How often are we actually cleaning and simply being present with each moment?
Have you ever spent time with your child only to realize your mind was elsewhere, unable to fully focus on them?
Maybe you’re preoccupied with something your parents once said about education, or you’re affected by how other parents perceive you. Maybe financial worries weigh you down, or you’re physically and mentally exhausted.
Even so, there are countless things we must do as parents each day—driving our children, preparing meals, helping them study, listening to their concerns, managing schedules. It often feels like modern parenting is a test of how efficiently and effectively we can manage these tasks. I’ve experienced this myself.
Now that my two children are in university, I can say with confidence: the most important part of parenting is being present in the “now” as your true self.
If you feel irritated, that’s a sign you’re off balance. When you are in balance, right actions naturally arise—even if they don’t match what you thought was “right” in your head.
The version of yourself who’s irritated or clinging to what’s “right” isn’t truly a parent, or even you. It’s a version controlled by memory, and that means you’ve lost touch with your true role. And when that’s the case, no matter how clearly you try to explain something, your child will only hear it through their own memories.
Even while practicing Ho’oponopono, we’re not just sitting still in silence. We speak, we act—and that’s okay. As parents, we have responsibilities.
But the crucial point is: Are we acting from love or from irritation? That’s where the path splits.
We are capable of being “present parents”—truly in the here and now. When our minds are clear and we are free from memory, we experience being with our children in the present moment, and what needs to be said or done through us naturally arises. Only then can children remember who they really are and learn what they are meant to learn.
Had I raised my children without Ho’oponopono, I would have missed many precious moments.

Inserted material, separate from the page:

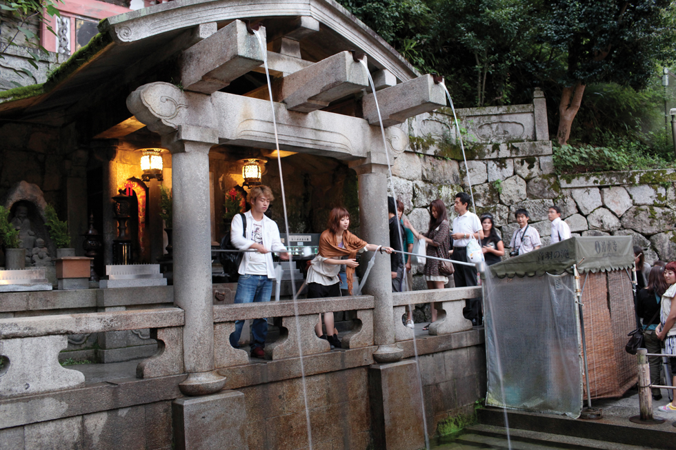 일본인들이 가장 사랑하는 교토의 명소, 기요미즈데라. 관광객의 입장에서 기요미즈데라를 반드시 방문해야 하는 이유는, 고고한 매력을 지닌 기요미즈데라 혼도(본당)의 모습과, 이 사찰에서 내려다보이는 교토의 절경 때문만은 아니다. 고조자카, 산네이자카, 니넨자카, 네네노미치로 이어지는 좁은 골목길의 풍경이 교토 내에서도 가장 교토스러운 모습을 보여주기 때문이다. 세계문화유산으로 손꼽히는 기요미즈데라의 본당에는 산의 경사면에 세운 ‘부타이’ 라 부르는 거대한 베란다가 있다. 부타이는 단 하나의 못도 쓰지 않고 1백72개의 나무 기둥을 교차시켜 만들었다는 믿을 수 없는 사실 때문에 세계적인 불가사의 중 하나로 손꼽힌다고 한다. 오래된 사찰답게 예로부터 전해져 내려오는 여러 가지 스토리가 있는데, 그중 하나가 ‘오토와노나키’ 라 불리는 세 갈래의 물줄기.

When cleaning, being with your child can feel as though time stands still. You are completely in the “now.”
And the truth is—that’s really difficult. We’re often on our phones, driving, or talking with someone else. But children sense everything. They can tell whether you are truly “there” with them.
My son used to watch me carefully and say, “Mama, Mama,” as if to wake me up. “Mama, be here with me.” That’s how attuned children are to their parent’s presence.
Without cleaning, I don’t think I could have truly been present with my children. Cleaning allows me to stay clear, to become a safe and steady presence for them. When a parent is simply present as their true self, the child can receive everything they need from Divinity—wisdom, timing, talents, health, abundance.
That’s why, especially because this moment is all we have, the best thing we can do as parents is to clean our own experiences and do our best to stay as our true selves in this very moment.